Published on October 31, 2017
NASA's Gravity Recovery and Climate Experiment (GRACE) mission which last for 15 year has come to an end.


  •  The mission was carried out in cooperation with the German space agency DLR
  • The decision to end the mission was taken after the retirement of one of its twin spacecraft Grace 2.
  •  The spacecraft was facing problems because of the failure of several battery cells, which caused a loss of contact with the spacecraft in early September.
  • GRACE-2 is expected to reenter in December or January. 
  • GRACE-1's batteries are healthy and it will operate for the remainder of the year to collect calibration data. It will reenter in early 2018.
  • Two GRACE spacecraft was launched by NASA and DLR in March 2002.
  • The mission was expected to be a five-year mission. 

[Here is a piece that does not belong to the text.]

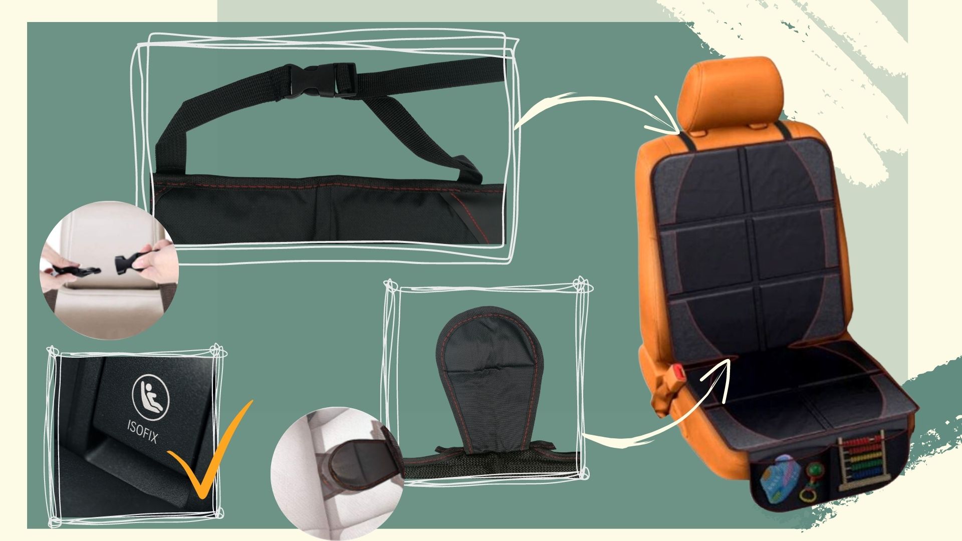 • Poleg pritrditve za vzglavnik ima podloga na notranji strani še dodatno všito pritrdilno element ki ga namestite med sedeži, zahvaljujoč temu vam je zagotovljeno, da se podloga ne bo premaknila
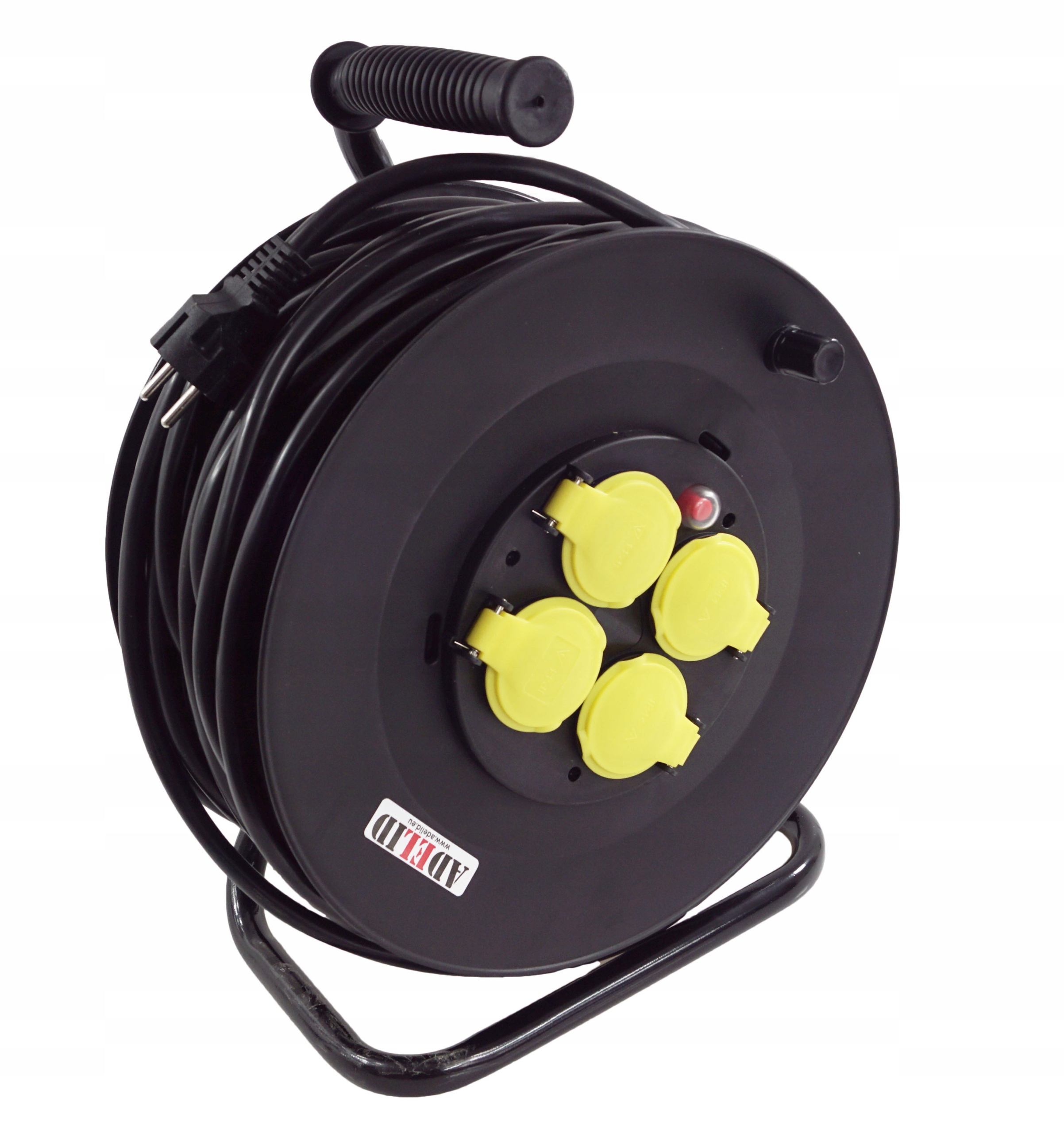 - Bęben posiada uchwyt na kabel oraz hamulec - aby uniknąć przypadkowego, nadmiernego rozwinięcia przedłużacza.

  • Scientists use measurements of very small changes in the separation of the two satellites in low Earth orbit to calculate local changes in gravitational field caused by mass variations in the Earth. 
  • Those measurements can, in turn, be used to track motions of water around the Earth caused by seasonal patterns and climate processes.
  • NASA and the Helmholtz Centre Potsdam German Research Centre for Geosciences has developed a successor mission, called GRACE Follow-On.
  •  The two spacecraft will launch in early 2018 on a SpaceX Falcon 9 on a mission shared with five Iridium Next satellites.